### YOUR GOAL
All entries are to be quoted exactly; the images stay out of the copy.

### RAW DATA
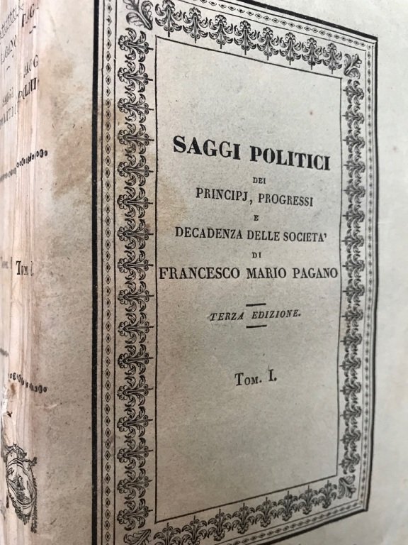 Saggi politici dei principj, progressi e decadenza delle società. | Libri antichi e moderni | Pagano Mario.
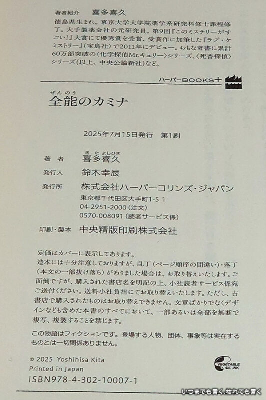 面白そうなあらすじだったので買って読んでみました。途中までは「全能のカミナ」がどういう力を使って物語が面白くなるのかという期待で読み進めたのですが、いくら読んでもカミナの能力が連続殺人事件に解決に有効に働きません。それよりも、退屈しのぎにカミナに近づいて、全能のカミナが本物なのか、何か刺激的な出来事に遭遇できるかという「僕」の思いばかりが前面に出る物語で、思っていた面白さとは異なっていました。全能のカミナという人物の魅力も感じませんし、犯人もミステリーとしてはずるい感じがしますし、結末も釈然としませんし、消化不良で終わってしまう作品でした。詳しい感想や書籍情報に興味のある場合は下記ホームページをご覧ください。
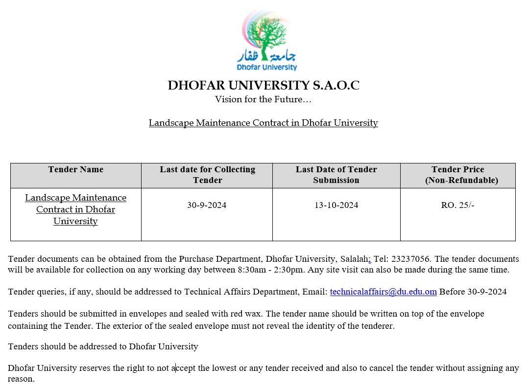 Landscape Maintenance Contract in Dhofar University – مناقصة عامة لخدمة التشجيير في الحرم الجامعي |
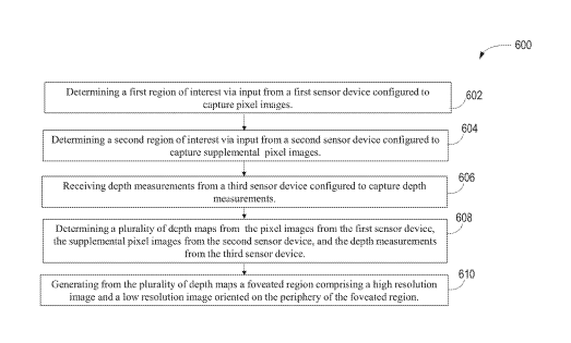 在一个实施例中,经由来自配置为捕获补充像素图像的第一传感器设备的输入来确定第一感兴趣区域。经由来自配置为捕获补充像素图像的第二传感器设备的输入来确定第二感兴趣区域。从配置为捕获深度测量值的第三传感器设备接收深度测量值。根据来自第一传感器设备的像素图像、来自第二传感器设备的补充像素图像和来自第三传感器设备的深度测量值来确定多个深度图。从多个深度图生成注视点区域。
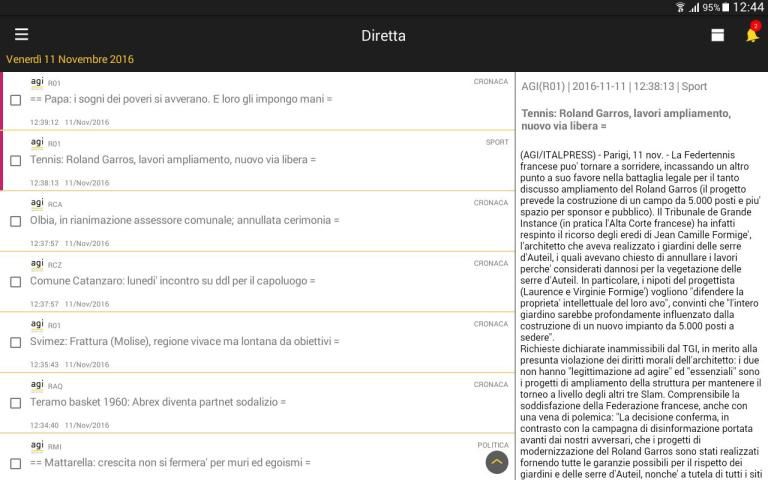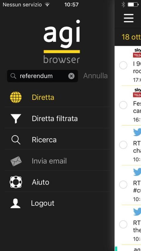 مع هذا التطبيق يمكنك عرض التدفقات صحفي في متصفح المكثف AGI واستخدام عدة التخصيص والملاحة الميزات: بحث بسيط عن طريق الكلمات الرئيسية. حفظ عمليات البحث والمرشحات مع معايير متقدمة (فئات والوكالات والتاريخ ...)؛ إشعارات مخصصة مع رسالة صوتية وعلامات ملونة. ترسل عن طريق البريد الإلكتروني إخباري واحد أو متعددة.

### TASK RESPONSE
 Saggi politici dei principj, progressi e decadenza delle società. | Libri antichi e moderni | Pagano Mario.
 面白そうなあらすじだったので買って読んでみました。途中までは「全能のカミナ」がどういう力を使って物語が面白くなるのかという期待で読み進めたのですが、いくら読んでもカミナの能力が連続殺人事件に解決に有効に働きません。それよりも、退屈しのぎにカミナに近づいて、全能のカミナが本物なのか、何か刺激的な出来事に遭遇できるかという「僕」の思いばかりが前面に出る物語で、思っていた面白さとは異なっていました。全能のカミナという人物の魅力も感じませんし、犯人もミステリーとしてはずるい感じがしますし、結末も釈然としませんし、消化不良で終わってしまう作品でした。詳しい感想や書籍情報に興味のある場合は下記ホームページをご覧ください。
 Landscape Maintenance Contract in Dhofar University – مناقصة عامة لخدمة التشجيير في الحرم الجامعي |
 在一个实施例中,经由来自配置为捕获补充像素图像的第一传感器设备的输入来确定第一感兴趣区域。经由来自配置为捕获补充像素图像的第二传感器设备的输入来确定第二感兴趣区域。从配置为捕获深度测量值的第三传感器设备接收深度测量值。根据来自第一传感器设备的像素图像、来自第二传感器设备的补充像素图像和来自第三传感器设备的深度测量值来确定多个深度图。从多个深度图生成注视点区域。
 مع هذا التطبيق يمكنك عرض التدفقات صحفي في متصفح المكثف AGI واستخدام عدة التخصيص والملاحة الميزات: بحث بسيط عن طريق الكلمات الرئيسية. حفظ عمليات البحث والمرشحات مع معايير متقدمة (فئات والوكالات والتاريخ ...)؛ إشعارات مخصصة مع رسالة صوتية وعلامات ملونة. ترسل عن طريق البريد الإلكتروني إخباري واحد أو متعددة.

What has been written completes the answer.